Work required = Retype only the lines below from the one with "Я укладывала морковный-сыр" to the one with "The following tables", inclusive, skipping every image.

Data supplied =
=== Begin Enclosure ===

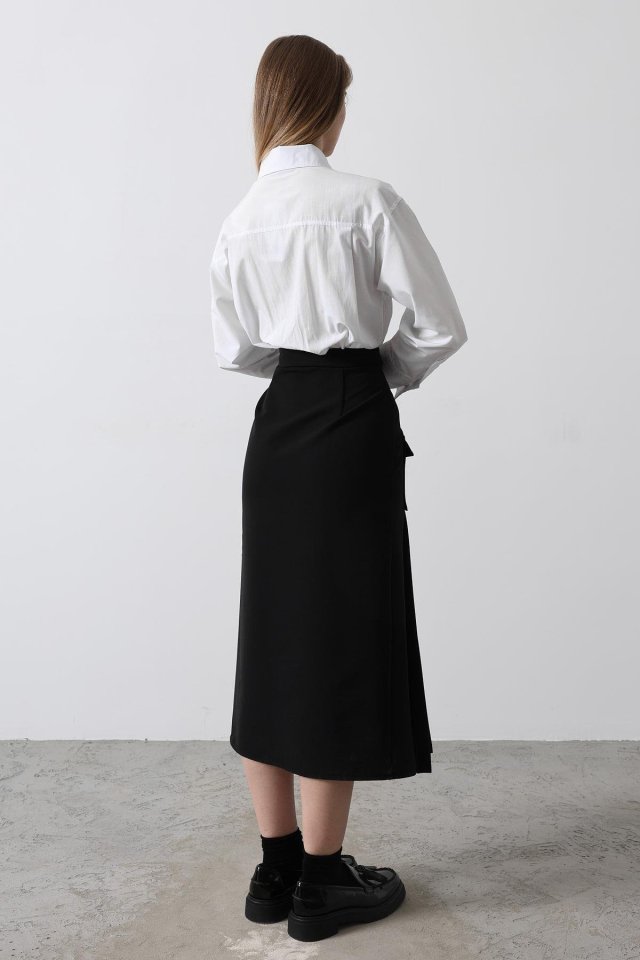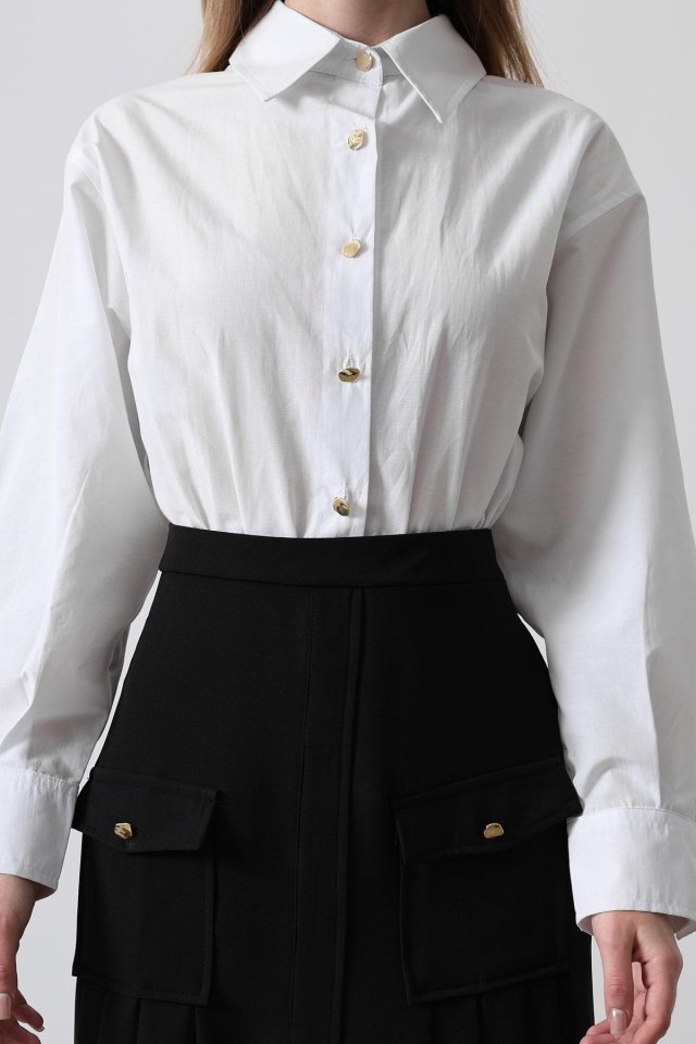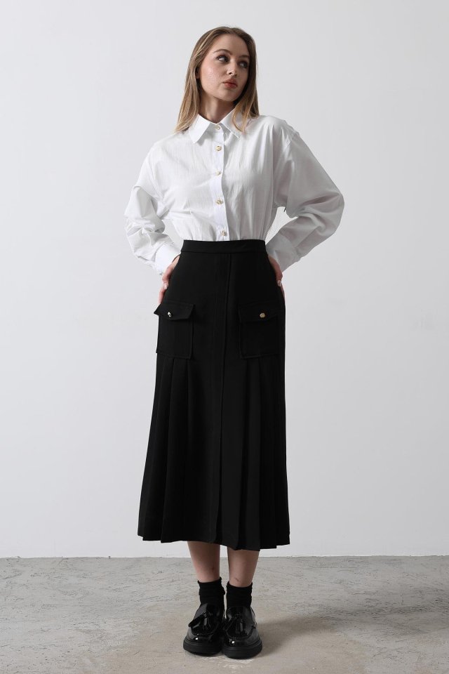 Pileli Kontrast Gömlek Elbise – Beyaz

=== End Enclosure ===
=== Begin Enclosure ===

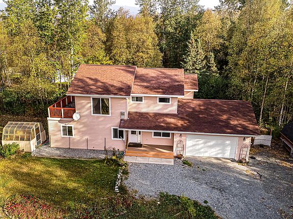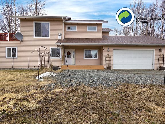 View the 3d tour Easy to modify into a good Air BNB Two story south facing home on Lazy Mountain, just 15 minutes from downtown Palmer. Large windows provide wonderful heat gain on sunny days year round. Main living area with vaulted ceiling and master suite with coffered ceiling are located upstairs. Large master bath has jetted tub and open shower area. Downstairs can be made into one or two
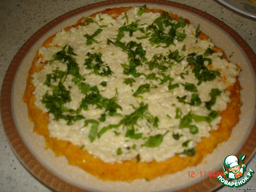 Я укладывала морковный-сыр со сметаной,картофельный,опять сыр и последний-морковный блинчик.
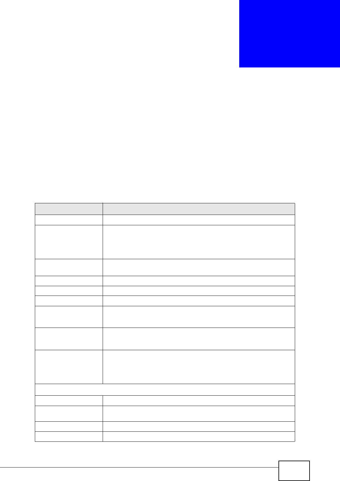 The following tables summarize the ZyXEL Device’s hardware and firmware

=== End Enclosure ===

Reply to the task =
 Я укладывала морковный-сыр со сметаной,картофельный,опять сыр и последний-морковный блинчик.
 The following tables summarize the ZyXEL Device’s hardware and firmware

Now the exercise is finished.